La Loi d'Orientation sur les Mobilités : Tout ça pour ça ? Adoptée le 18 juin en première lecture, la Loi d’Orientation des Mobilités (LOM) qui devait révolutionner nos modes de déplacement se révèle très décevante pour les usagers des véloroutes et voies vertes. Organisation des Assises de la Mobilité qui auront duré 3 mois, 2513 contributions recueillies, plus de 300 heures de débat à l’assemblée nationale, 3500 amendements déposés… pour quels résultats concrets ? La définition de la véloroute est désormais officiellement inscrite dans le code de la voirie routière. Cette mesure est censée assurer l’homogénéité et la qualité des itinéraires. En réalité les militants de l’AF3V le savent bien : c’est sur le terrain, avec les maîtres d’ouvrage, que se négocient et se décident la qualité et la continuité du réseau des VVV. Aucune formulation inscrite dans la loi ne remplacera jamais le travail de concertation de nos délégations locales. Autre évolution : le « schéma national des véloroutes et voies vertes », SN3V, s’appellera désormais « schéma national des véloroutes ». Les députés ont jugé qu’il n’était pas souhaitable que l’on mette sur le même plan les véloroutes, qui sont des itinéraires, et les voies vertes, qui sont des aménagements.

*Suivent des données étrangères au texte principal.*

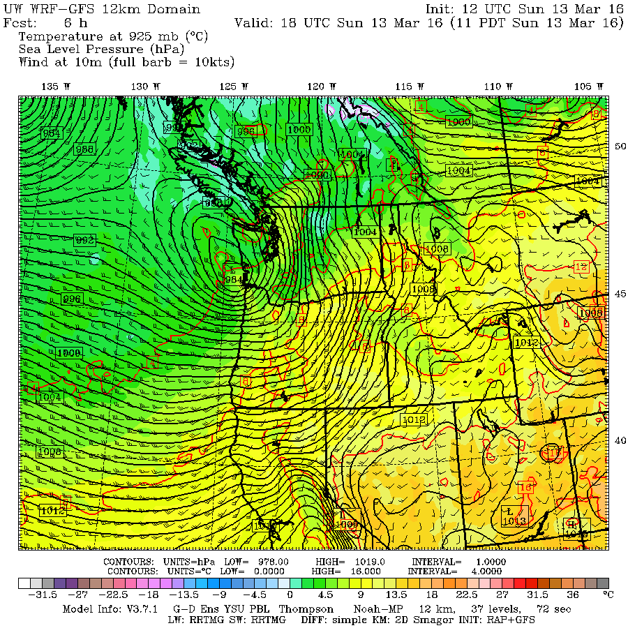 | Valid 11:00 am PDT, Sun 13 Mar 2016 – 6hr Fcst Credit: University of Washington |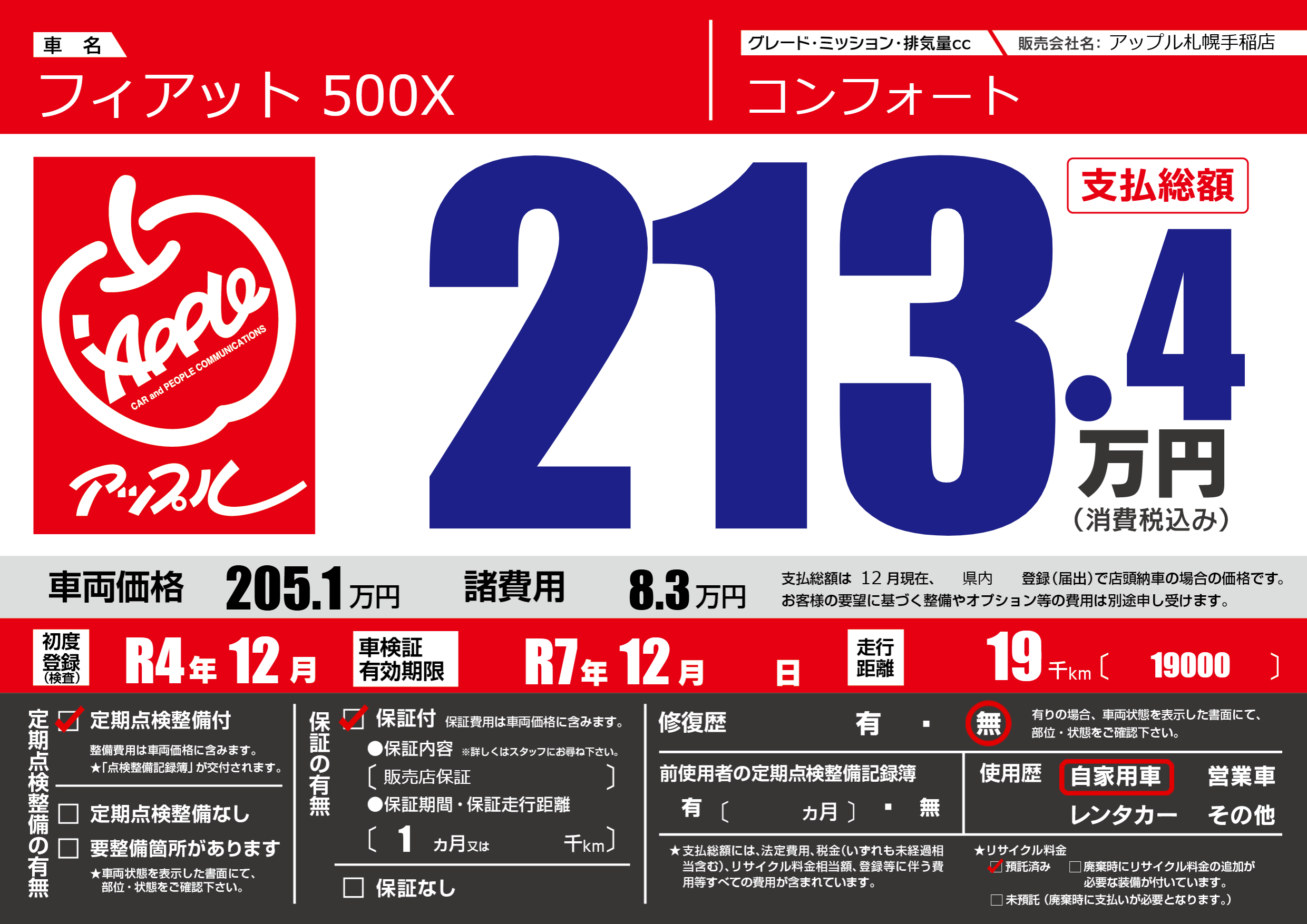 | 車検制限 | R7年 12月 - 日 | ||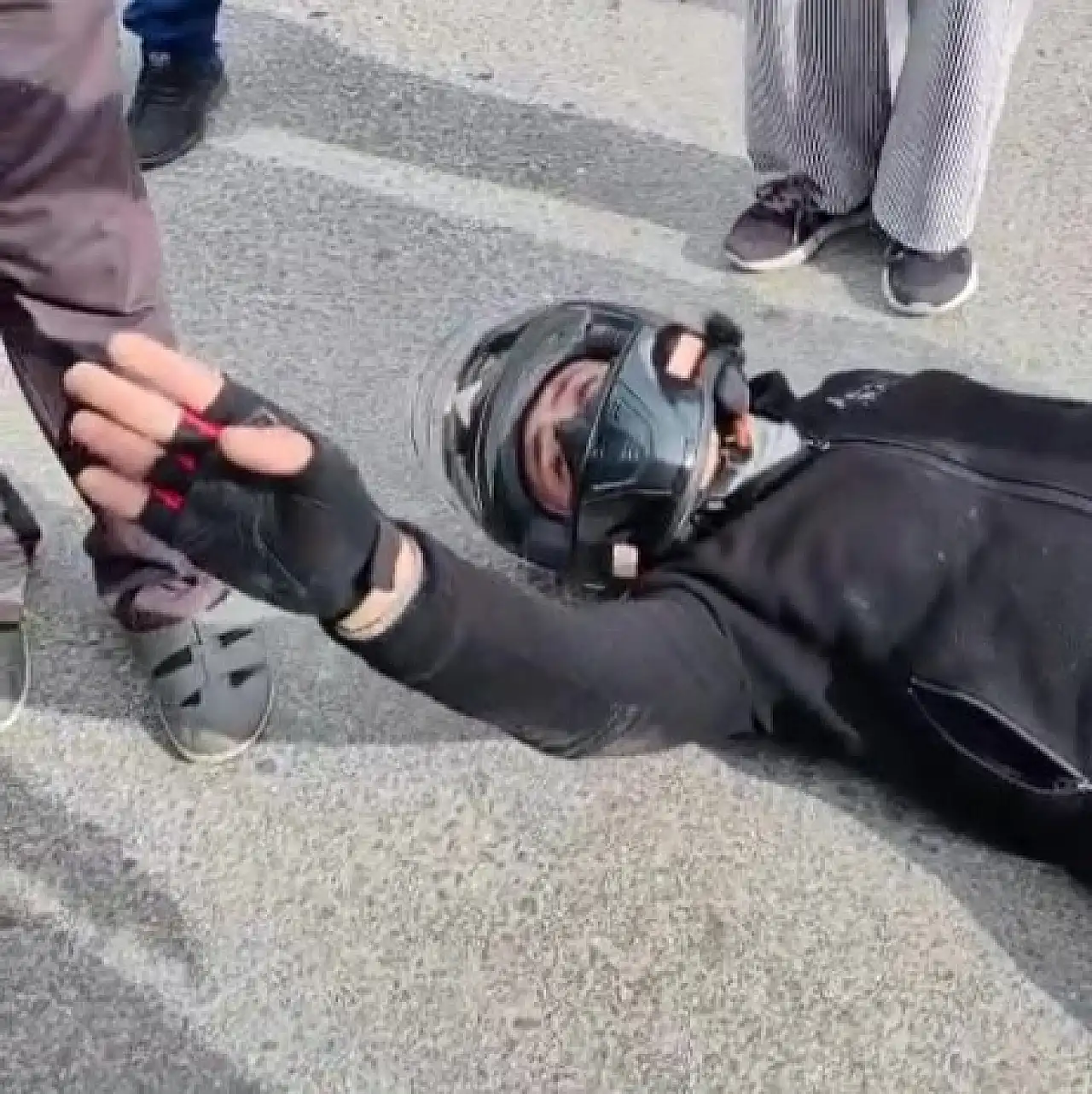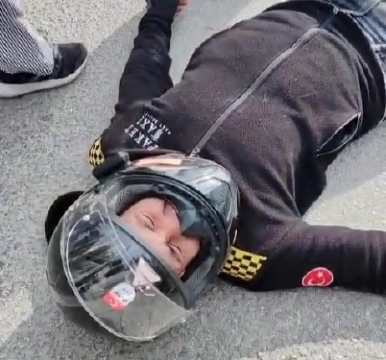 Bu sırada yerde acı içerisinde kıvranan motosiklet sürücüsü, çarpıştığı otomobilin sürücüsü ve küçük çocuğunun ağladığını fark edince kendi acını bir kenara bıraktı. Mümin Ş., "Ablam korkma. Ben iyiyim. Kolum bacağım ağrıyor sadece, çocuğa su içirin. Her şeyden önemlisi çocuk" diyerek durumunun iyi olduğunu, panik yapmamalarını istedi.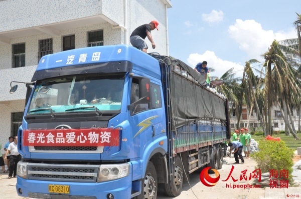 人民網(wǎng)海南視窗文昌7月23日電(記者毛雷 實(shí)習(xí)生喻晨)超強(qiáng)臺風(fēng)“威馬遜”登陸海南第5日,人民網(wǎng)海南視窗聯(lián)合海南春光食品前往受災(zāi)最為嚴(yán)重的文昌市翁田鎮(zhèn),為災(zāi)區(qū)送去急需的14萬平方米防水布料。

Cet éclaircissement sémantique méritait-il un amendement ? Ce changement réjouira ceux qui se payent de mots. Nous attendions beaucoup de cette nouvelle loi pour enfin autoriser la circulation des cyclistes sur l’ensemble des chemins de halage. Malheureusement notre amendement, sans doute trop précis et trop concret (un grand merci à Agnès Laszczyk de la FUB pour ses précieux conseils), a été repoussé. Les députés ont préféré inscrire dans la loi que Voies Navigables de France pourra « promouvoir l’usage du vélo sur le réseau qui lui est confié » tout en réaffirmant immédiatement la nécessité de passer des conventions au cas par cas, ce qui correspond exactement au système actuel que nous proposions de faire évoluer. La sécurité des cyclistes servira encore longtemps de monnaie d’échange entre VNF, qui essaie de se décharger du coût de l’entretien de ses chemins de halage et les collectivités qui ont des projets de voies verte ou pas. Sans attendre une évolution plus ambitieuse des lois qui régissent nos déplacements, l'AF3V continue de se mobiliser chaque jour sur le terrain pour le développement et l'amélioration du réseau des VVV. Julien DUBOIS Président de l'AF3V
Webmaster | le 04/07/2019
LÉGISLATIF
Loi d'Orientation sur les Mobilités : Les cyclistes sur les chemins de halage !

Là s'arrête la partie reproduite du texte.